That was not my main intent. I wanted to know why your
statement
No D simulated correctly by any H of every H/D pair specified
by the above template ever reaches its own line 06 and halts.
exludes every unsimulated or incorrectly simulated D?
That sounds like Richard that assumed that incorrect answers are OK
unless I specifically say that incorrect answers are not OK.
Maybe but I don't promise that the response to the incorrect answer
will sound the same.
On 5/19/2024 12:17 PM, Richard Damon wrote:
> On 5/19/24 9:59 AM, olcott wrote:
>> Richard has stated that he thinks that an example of
>> {D never simulated by H} ∈ {every D simulated by H}
>
> No, the H that didn't simulate its input shows that
> *once you allow H to not be required to be correct*,
> that we can then have a trivial function that is
> "just as correct" (since wrong answers were allowed).
A c function is correctly simulated when its machine language
instructions are emulated with an x86 emulator in the order
that they are specified by the x86 machine language of this
c function.
Does "its machine language instructions" mean all executed instructions
until the progam terminates? Or from the start of the program until
there is no reason to continue? Or from some point to some other point?

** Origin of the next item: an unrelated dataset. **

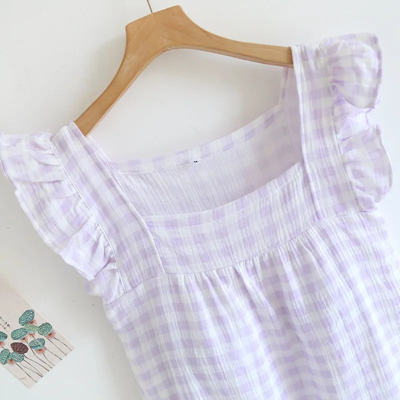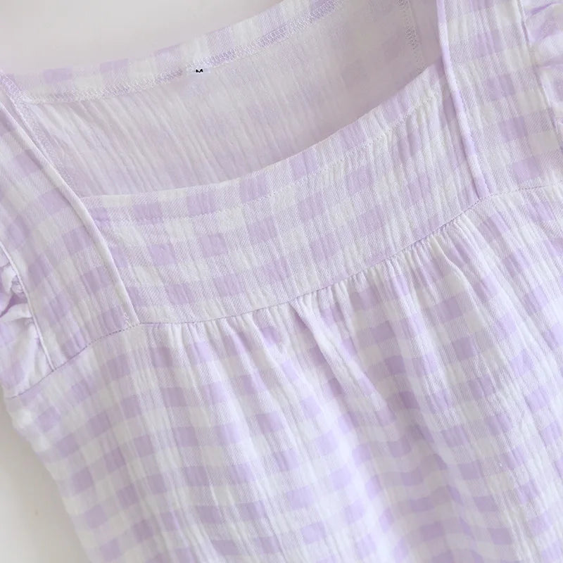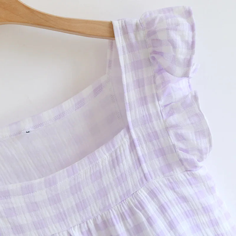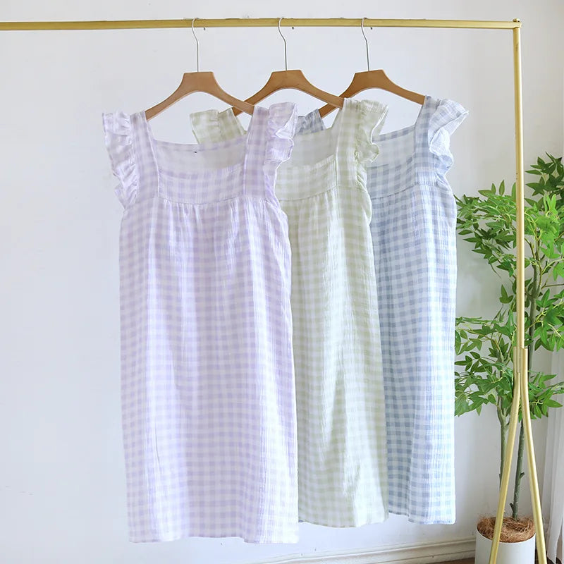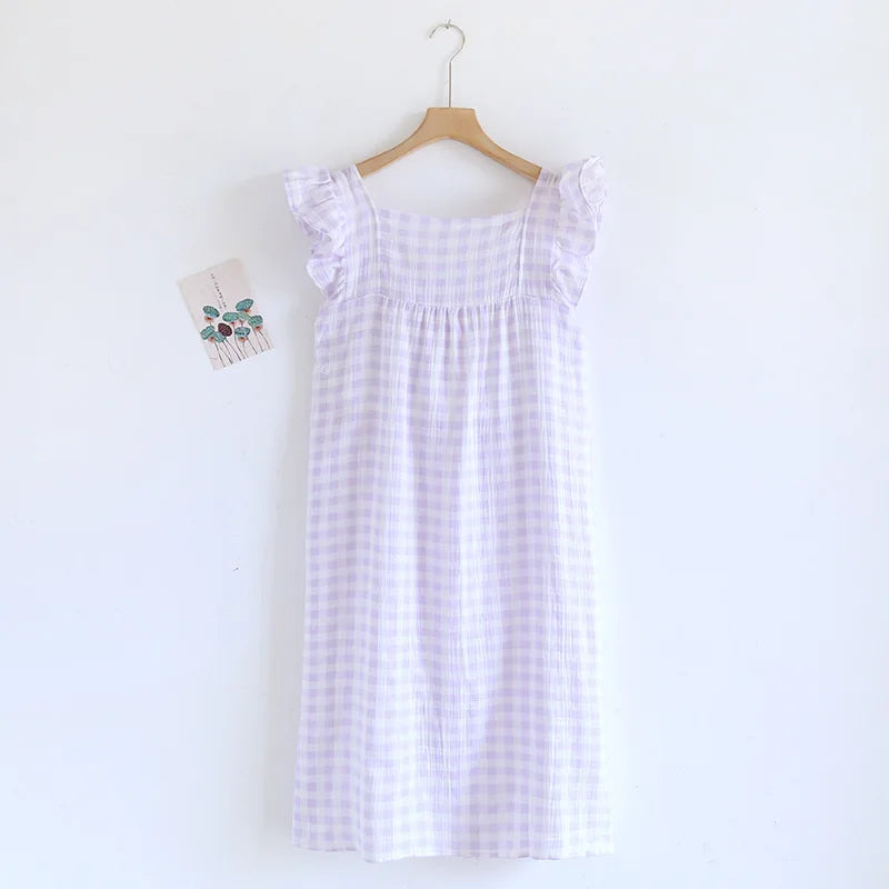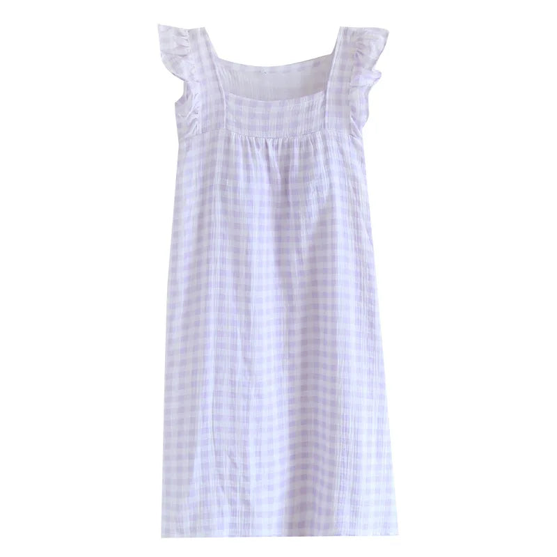 Experience the ultimate in comfort and style with our 100% Pure Cotton Home Dress Plaid Nightgown. This classic piece is designed with skin-friendly, breathable, and sweat-absorbent cotton fabric, ensuring a soft and gentle touch against your skin. Available in soothing shades of lavender, light green, and baby blue, this nightgown is perfect for peaceful nights and lazy mornings.

It means that 1 to N instructions of D are correctly simulated
by pure function H. Because D correctly simulated by H remains
stuck in recursive simulation D cannot possibly reach is own
line 06 and halt.
If you mean that H cannot simulate D to the line 06 then say so.
A D that is simulated by H is D and so is a D that is not simulated
by H so both can do what a D can do. Saying "simulated by H" adds
nothing.
For non-terminating functions we can only correctly
simulate N machine language instructions.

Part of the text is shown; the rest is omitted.